ACS in Gas (Accredited Certification Scheme)
You can think of the ACS in Gas as a certificate of competence, which is required to become a member of the Gas Safe Register. Without both tick boxes checked you cannot legally work as a gas engineer. The ACS assessment is run by Accreditation Service (UKAS) in the UK. You will ultimately need to complete the ACS core gas safety assessment every five years. You should also be aware that you will need to take specific courses for domestic gas safety and commercial gas safety depending which direction you want to go in. You will be tested on all aspects of gas work so that you can work safety and avoid or deal with gas leaks and safety devices in a professional and safe manner.
For domestic gas you will need the Core Domestic Gas Safety (CCN1) and the Combustion Performance Analysis (CPA1) course passed and completed. Then to work on specific gas appliances you will need to take another set of courses.
For example, to work on gas cookers you will need to ensure that you pass the Domestic Gas Cookers CKR1 course. For heating systems, you will need to pass the Central Heating & Water Training & Assessment (CENWAT) course. Or you could go down the Domestic Gas Fires and Wall Heaters (HTR1) route. There are further courses available, such as those dealing with gas meters. What you choose to do is up to you, but most individuals qualify across multiple appliance types.
It should also be noted that if you're going to be working in commercial settings then there are a whole other range of qualifications that you will need such as the commercial ACS core and its subset certifications for different types of installations.
Finally, you will need to apply to get added to the Gas Safety Register.

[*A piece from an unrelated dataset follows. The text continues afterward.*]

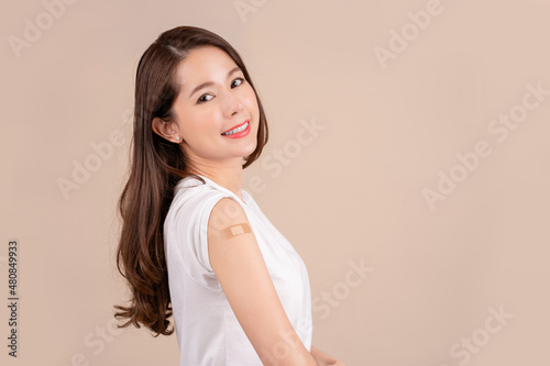 Coronavirus vaccination advertisement. Happy Young beautiful asian woman getting vaccinated showing arm with plaster bandage after Covid-19 vaccine injection posing on background, Smiling to camera.

They will put you on a three-month probation period, where you will be able to work but will need to show examples of your work as a gas engineer before you can be listed as a fully qualified gas engineer. You will also only be able to work on gas appliances that you have qualified for.
What is Gas Safe Registration?
To work as a gas heating engineer you (as a sole trader), your business or the business you work for needs to be registered on the Gas Safe Register. This is an organization that operates in the UK listing all qualified individuals. This inclusion is a mandatory requirement in the UK to offer work as a gas engineer. Without inclusion on this list you, your business, or the business you work for are unable to (legally at least) work as a gas-safe engineer.
Not only will you need to prove you have the right qualifications to be included on the Gas Safe Register, but you will also need to provide references and examples of your work to prove you are competent to work on gas appliances.
To get on the Gas Safe Register you need to be qualified, but as with many professions, technology and standards change all the time, so after your initial training, you will need to re-take the ACS CCN1 assessment every five years to maintain your compliance and registration.
The Future of Gas in the UK
In the UK there has been a lot of talk about the phasing out of gas boilers by 2025. This begs the question whether it is even still worth following the path of a gas engineer in the UK. Ultimately, the answer to this is that there will be plenty of work available for gas engineers for decades to come.
The 2025 gas boiler ban deadline only applies to new build houses right now, and with over 75% of the UK houses being heated by gas there will be plenty of need for gas engineers to continue to install new boilers over the coming years, replace, service and fix existing installations. Boilers tend to last decades before they need replacing so there will be plenty of boilers to work on. Not to mention that there has been no mention of banning gas cooking appliances, so these will also need a gas engineer to fit and install correctly.
Ultimately, right now a career in gas should mean that you will have a good job, that is in demand and well paid for many years to come. In the future if the UK moves more to alternative fuels such as electricity or hydrogen then this could change, but for now a career as a gas engineer is still a great choice.